In a nutshell, the convolve effect implements a graphics convolution operation over an image. You can think of convolution as a sort of moving average over the nearby pixels of an image. Using it, you can create a wide range of image processing effects, such as blur, sharpen, edge detection, emboss, and more. So, it's a general image operator.
To see a demo, click on the Convolve icon in the REBOL viewtop (desktop) demos folder. Click on "Emboss 2" to see a heavy emboss operation.
Use the given images, or try it on your own images. Modify the matrix (at top right) or the other arguments to discover some of your own interesting effects.
To use convolve in your program, it is provided as a face effect that takes the form:
CONVOLVE matrix divisor bias grey-flag convolve: [ matrix [block!] "Nine numbers that form a 3x3 matrix" divisor [number!] "Scales the result" bias [number!] "Adds to the luma of the pixel 0-255" grey-flag [logic!] "Converts to greyscale during the process" ]
Everything other than the matrix are optional. If not provided, the divisor uses a computed average value and the bias is zero.
Here is an example that shows how to create a custom effect, a sort of motion blur:
img: load-thru/binary http://www.rebol.com/view/demos/coast.jpg motion-blur: [ 0 0 1 0 0 0 1 0 0 ] view layout [box img effect reduce ['convolve motion-blur]]
Here is a deep emboss that uses the optional arguments:
deep-emboss: [ 2 0 0 0 -1 0 0 0 -1 ] view layout [ box img effect reduce ['convolve motion-blur 1 128 true] ]

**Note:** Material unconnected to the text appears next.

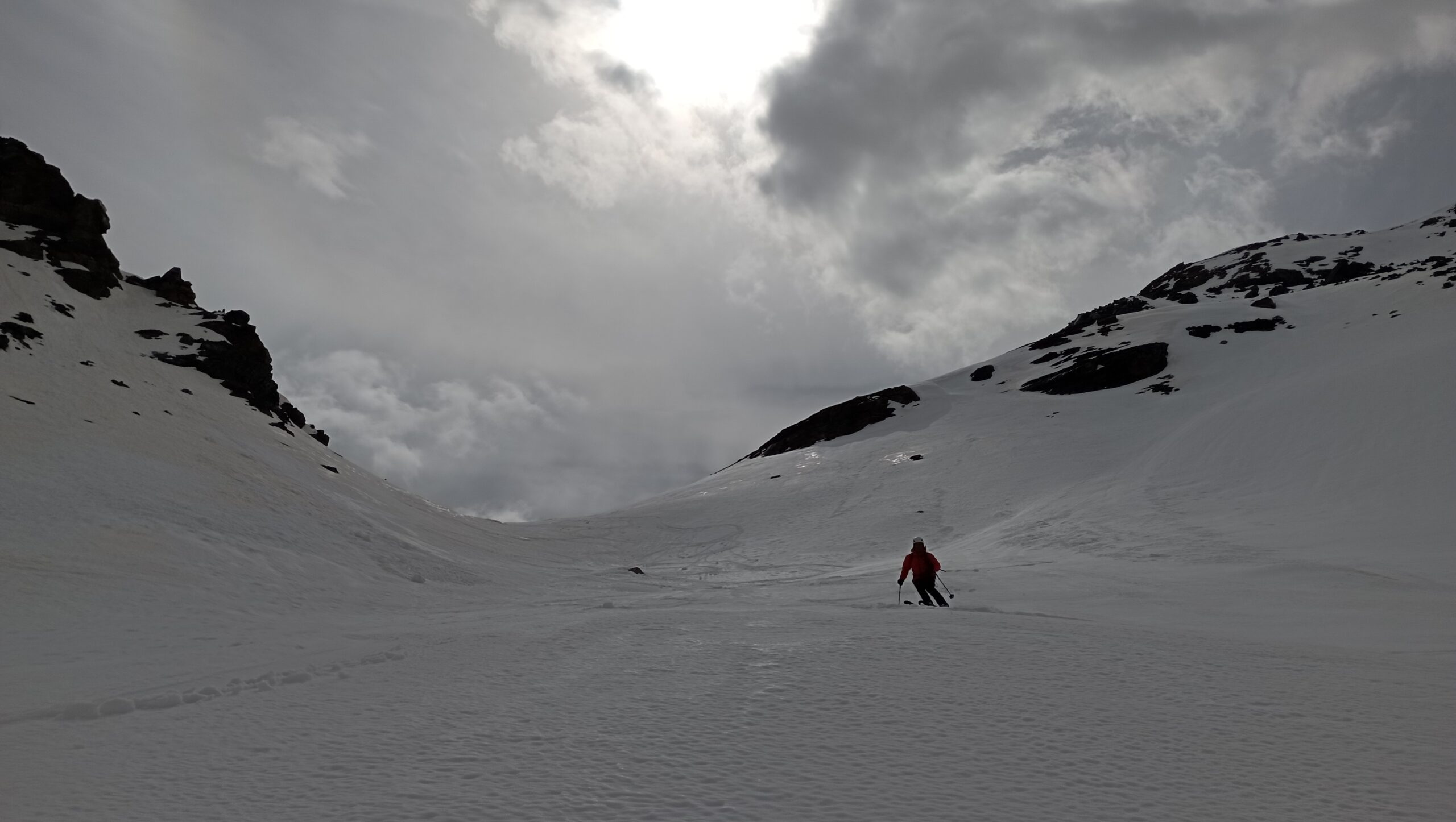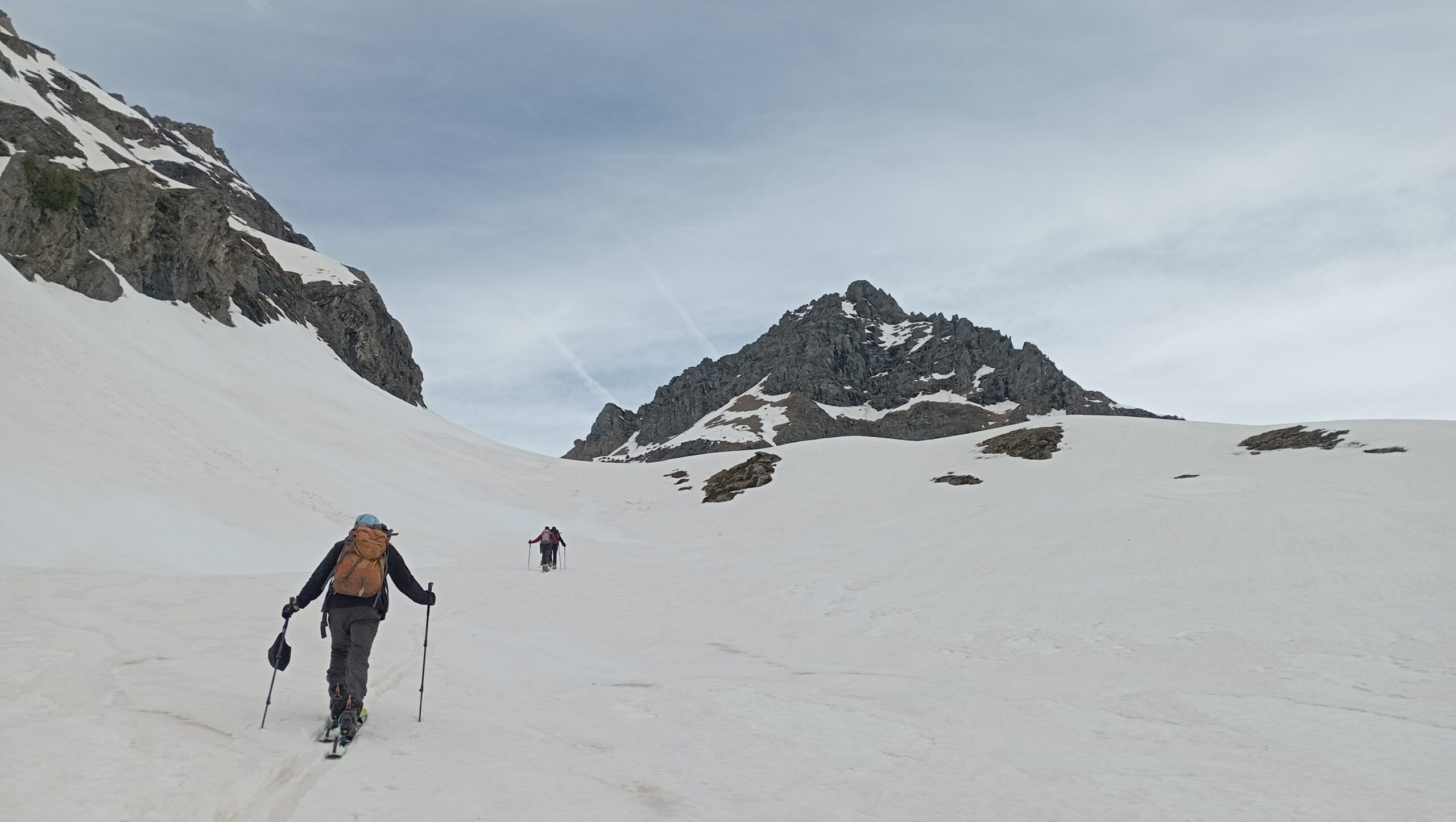 Dal pianoro di queste bergerie i pendii cominciano nuovamente ad impennarsi e si punta verso il colle del Sabbione (2560 m). Dal colle ci si dirige verso sinistra per raggiungere Punta Pian Paris (2738 m), si può tenere in gran parte la dorsale in condizioni ottimali o meglio il pendio, perdendo magari anche un po’ di dislivello se la neve è troppo dura.
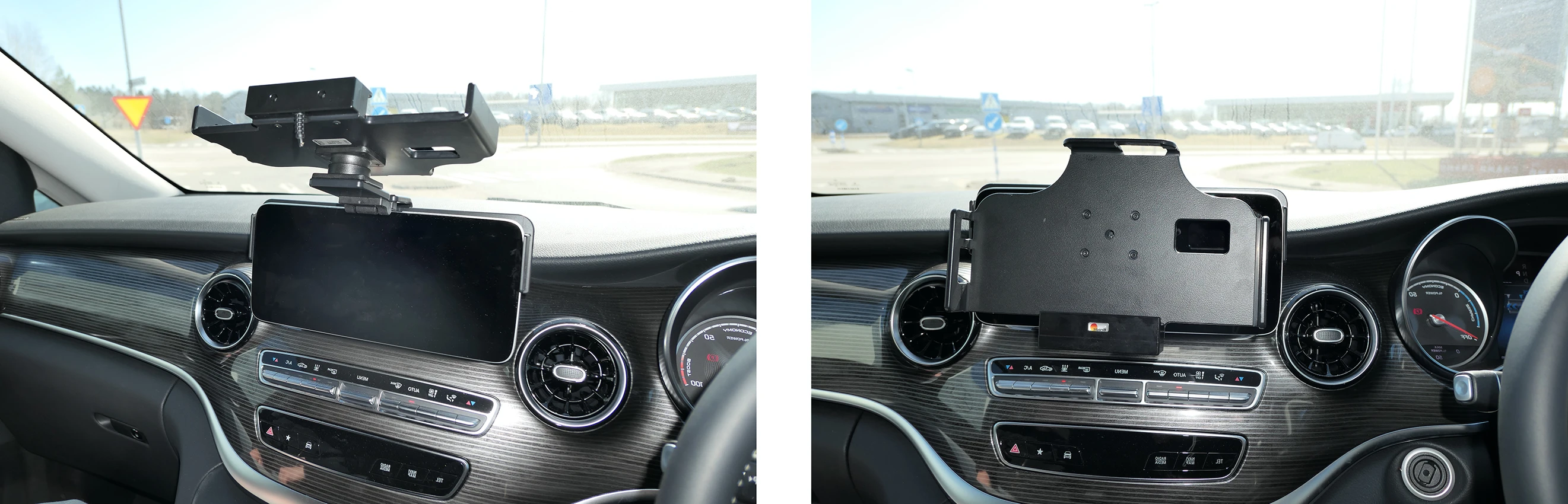 Robust and strong mount with hinge-function. Enables for installation of an addition device in front of the screen in your car while remaining the access to the screen. You get the installed device within easy sight and reach, and can easily lift it up in order to get access to the screen in your car. The hinge opens 0-180° but the normal opening angle is abour 90° depending on the height of the holder/device. 90x86x20 mm.

To use other effects, just take a look at the source code for the Convolve script mentioned above.
You can thank Richard "Cyphre" Smolak for this new convolve effect. Although an integer-based version has long been part of REBOL/View (to do the emboss effect), it was never exported. Richard's version also allows the decimal-based matrix and the extra arguments. (Richard also wrote the handy Convolve demo mentioned above.)